Устойчивой возрастной границы наступления старости крестьянская традиция не выделяла, хотя, как правило, стариками и старухами считали людей, достигших пятидесятилетнего возраста. «В Западной Сибири термин “старики” мог применяться к людям, достигшим 45–50 лет: если крестьянин женил старшего сына, он уже считал себя “стариком” и отделялся со “старухой” в особой комнате (“иногда от такого крестьянина рождалось еще пять детей”). В категорию же “престарелых” входили люди уже действительно старые, хотя это название перекрывало термин “старик”. <…> Большое влияние на норму стариковского возраста оказывал тягловый срок: к его окончанию “подгонялись” традиционные представления о физиологических изменениях, выражавшихся в двух основных признаках — невозможность иметь детей и утеря трудоспособности. <…> В других районах податная способность не влияла на традиционные представления о возрасте: пожилые еще были вполне трудоспособными, но им уже было отказано в деторождении — либо потому, что с 50 лет считалось “грехом” рожать детей (и даже спать вместе), либо потому, что все их дети вступили в брак»[1].
Таким образом, для крестьян маркером наступления старости зачастую была утрата человеком репродуктивных способностей и полноценности — как в физиологическом, так и в социально-экономическом отношении. Это подчеркивалось и особенностями костюма стариков и старух. «Старики, как правило, носили темную или белую одежду, не имели права на новое платье и взрослый покрой; обычно они донашивали свою или чужую старую одежду или им изготавливали из старой материи платье стариковского покроя, нередко напоминавшее балахон. Старики редко имели штаны (ходили в подштанниках), старухи вместо рубах и сарафанов носили глухую одежду типа сарафана без лямок или передники с рукавами… <…> В целом стариковская одежда приближалась к детской по це лому ряду признаков: практическое отсутствие половых различий, запрет на новое платье даже в праздники, отсутствие каких бы то ни было украшений, необязательность штанов (для мужчин) и даже перепоясывания и т. д.»[2].
Если наступление совершеннолетия обычно описывалось в крестьянских диалектах при помощи выражения «войти в года/лета», то о старике говорили, что он «вышел из лет» или что его «веки» (года) «изнемогают» (истощаются, кончаются). По-видимому, эти и подобные им выражения отражают традиционное представление о том, что каждому взрослому человеку положено определенное количество лет, ограниченный временной континуум, отпущенный на полноценную социальную жизнь и исчерпывающийся с наступлением старости. Более того, судя по всему, в крестьянской культуре существовали представления о том, что этот континуум принадлежит не отдельным людям, а социальным коллективам — семье, деревенской общине либо всему человечеству в целом. Отсюда выражение «чужой век заедать/заживать», подразумевающее, что «зажившийся на этом свете» старик несправедливо пользуется годами, принадлежащими другим людям.

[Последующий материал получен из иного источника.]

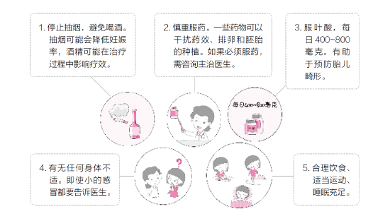 如果你需要进行辅助治疗,就要做好时间、身体及心理上的准备工作。夫妻二人要沟通好,一起参与;确保你的工作与任何检查、治疗不冲突,避免因忙乱而弄得自己压力很大;饮食要健康,使你的身体更强壮;每周至少进行3次30分钟快走,有助于血液循环;保持良好的情绪,做好充分的心理准备。

Вероятно, эта идея представляет собой частное проявление характерной для аграрных обществ концепции «ограниченного блага» (limited good), некогда описанной и проанализированной американским антропологом Джорджем Фостером. Согласно Фостеру, крестьянская культура воспринимает любые блага и ценности (экономические, социальные, культурные) как замкнутую систему — своего рода ограниченный ресурс. Поэтому любой дисбаланс в дистрибуции блага воспринимается членами крестьянской общины как процветание одних за счет других, как ситуация, требующая перераспределения ценностей[3]. Следуя теории ограниченного блага, можно утверждать, что в русской деревне «зажившиеся» старики и старухи воспринимались как люди, несправедливо присваивающие чужую жизненную потенцию. Вероятно, именно такие представления стимулировали появление легенд о ритуальном убийстве стариков и «душиловой вере» — якобы существовавшем особенном старообрядческом согласии, чьи последователи умерщвляли старых и больных людей[4]. Разумеется, подобные легенды не имеют отношения к действительности и входят в обширный круг историй о ритуальных убийствах, приписываемых представителями той или иной конфессиональной либо этнической группы «чужим» религиям и культурам. Вместе с тем, они показательны в качестве отражения идеи о том, что крестьянин-долгожитель вредит другим людям и должен поскорее умереть.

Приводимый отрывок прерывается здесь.